No surprise, then, that Big Tech has decided it’s done with the enterprise altogether. After the 2016 election, news became a bug rather than a feature, a burdensome responsibility of truth arbitration that no executive particularly wanted to deal with. Slowly, and then not so slowly, companies divested from news. Facebook reduced its visibility in users’ feeds. Both Meta and Google restricted the distribution of news content in Canada. Meta’s head of Instagram, Adam Mosseri, noted that its newest social network, Threads, wouldn’t go out of its way to amplify news content. Elon Musk destroyed Twitter, apparently as part of a reactionary political project against the press, and made a number of decisions that resulted in its replacement, X, being flooded with garbage. As The New York Times declared recently, “The major online platforms are breaking up with news.”

This is correct, but the narrative is missing something. Journalists tend to fixate on how our work is or isn’t distributed. Doing so allows us to believe that algorithms and shortsighted, mercurial tech executives are fully to blame when our work isn’t consumed. Fair enough: Platforms, especially Facebook, have encouraged news organizations to redefine their publishing strategies in the past, including through disastrous pivots to video, only to change directions with an algorithm update or the falsification of key metrics. They’ve also allowed their platforms to be used for dangerous propaganda that crowds out legitimate information. But there is also a less convenient and perhaps more existential side to tech’s divestiture of news. It’s not just the platforms: Readers are breaking up with traditional news, too.

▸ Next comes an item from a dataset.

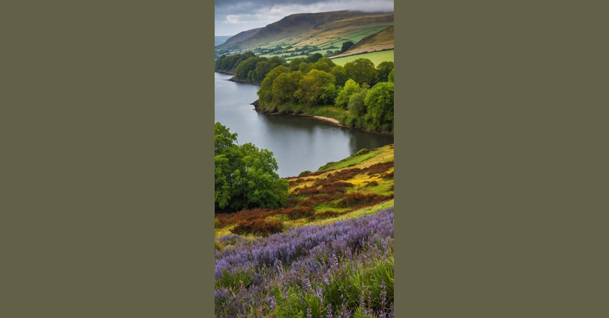 Wow, look at this! It’s like England decided to show off all its favourite outfits at once. You’ve got the fancy purple carpet laid out on the hill, like it’s ready for a celebrity arrival (maybe a sheep with a particularly fluffy fleece?). Then you have the big green hills in the background, all neatly patched up like a giant, comfy blanket, just chilling under a classic moody English sky. Down by the water, the trees are doing their best impression of fluffy green clouds. Seriously, trying to capture all this beauty with a camera for some epic England landscape photography must feel like you’ve hit the jackpot.

Last week, the Pew Research Center published a new study showing that fewer adults on average said they regularly followed the news in 2021 or 2022 than in any other year surveyed. (Pew started asking the question in 2016.) There’s some shakiness when you break down the demographics, but overall, 38 percent of American adults are following the news closely, versus a high of 52 percent in 2018. This tracks: In 2022, Axios compiled data from different web-traffic-monitoring companies that showed news consumption took a “nosedive” after 2020 and, despite January 6, the war in Ukraine, and other major events, engagement across all news media—news sites, news apps, cable news, and social media—was in decline.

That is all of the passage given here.